Something that has been less discussed, is the impact of simply not being able to do what you do for a living. Work on Gin Craze! kept going during the pandemic. In a way, it kept us going too. One of the producers on the show said to me last week that working on Gin Craze! had literally “kept [her] sane” during the pandemic, how valuable it had been to continue working towards a production amidst “all the unpicking”.
Cultural workers are not alone in this, my barber was on the verge of tears last week when I asked him how the recent lockdown had been for him. What we do is part of our identity. Not being able to do what you do chips away at your mental health – imperceptibly at first, seriously over time. Covid has shone a light on the many persistent inequalities that exist within our sector – there is definitely work to do – but for those of us fortunate enough to be heading back to work in the coming months, it feels like reconnecting not only with what we do, but also with who we are.

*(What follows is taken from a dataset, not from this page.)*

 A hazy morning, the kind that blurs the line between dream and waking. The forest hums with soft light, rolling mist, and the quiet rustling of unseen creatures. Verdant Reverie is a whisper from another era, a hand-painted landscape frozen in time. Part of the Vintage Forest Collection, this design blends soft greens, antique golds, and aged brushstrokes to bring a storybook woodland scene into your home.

Theatres are also a social space. For those that come to see shows, of course, but also for those that just want somewhere nice to meet friends for coffee. For those that attend classes. A place to chat with other mums and dads while waiting to pick up kids from a club. Some just want somewhere out of the rain or a quiet place to read a book. For many organisations, China Plate included, 2020 saw us engaging with communities in new ways, and not just in terms of cultural projects and events. Venues have become vaccination centres, supported home-schooling, set up foodbanks. They have become vital and relevant to their community in ways that few would have envisaged 12 months ago. One of the potential upsides of this last year would be a flourishing of these new connections. As we prepare to step back into theatre buildings, I am hopeful they will become social places for many more people.

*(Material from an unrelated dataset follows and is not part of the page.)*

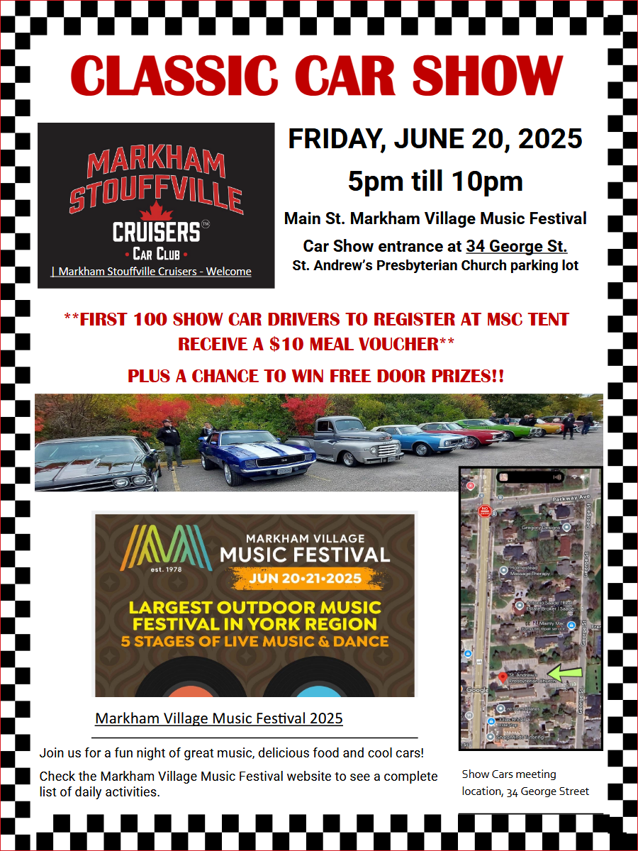Markham Main St. Music Festival car show — June 19, 2026. More to come soon so return later for more detils!

Theatres have always been a place of entertainment. Gin Craze! is a riot. Literally at one point. Described as a “booze-soaked love ballad from the women of Gin Lane” it is what a friend of mine calls “a full night at the theatre” – music, dancing, laughter, tears, costumes… a naked man! Anyone familiar with Gagglebabble’s work will know how brilliant Lucy’s music is – perfect for capturing the joyous excess of a night in a Gin Dive alongside some genuinely heart-wrenching ballads. April’s script is caustic and incredibly funny – to my mind she’s one of top swearers writing in theatre today! Having been cooped up for months, I think Gin Craze! is exactly the sort of entertainment that will encourage audiences back to the theatre. Speaking as someone who used to go to the theatre a lot, I will never again take for granted that feeling of being in a space with hundreds of other people, gasping, laughing or wiping away a tear together.

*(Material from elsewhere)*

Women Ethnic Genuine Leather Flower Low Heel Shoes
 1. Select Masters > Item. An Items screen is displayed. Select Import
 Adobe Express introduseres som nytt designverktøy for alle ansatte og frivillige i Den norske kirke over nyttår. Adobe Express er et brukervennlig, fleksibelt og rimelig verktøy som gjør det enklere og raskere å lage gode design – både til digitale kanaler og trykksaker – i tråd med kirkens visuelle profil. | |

Theatre is also (always) a political space. The last 12 months have been notable, aside from Covid, for some seismic political events. Lyn Gardner has written about how April’s plays often rewrite narratives that exclude or marginalise women. In that sense Gin Craze! is literally a Hogarth print come to life – the working-class women depicted in those images finally given a voice. And what a voice! The show’s themes feel uncannily relevant: blaming women for the injustice they suffer, political corruption, hypocrisy, the relationship between wealth and power, liberty, protest, gender and sexuality. Gin Craze! might be set in the mid-eighteenth century, but it is also absolutely a play for our time – I couldn’t think of a better show to be our first one back.
So… I guess that’s what I’ve missed so much. A place of work. A place to socialise. A place of entertainment. A place for political debate. Theatres are so much more than buildings in which to stage plays. And as Joni Mitchell put it … you don’t know what you’ve got til it’s gone.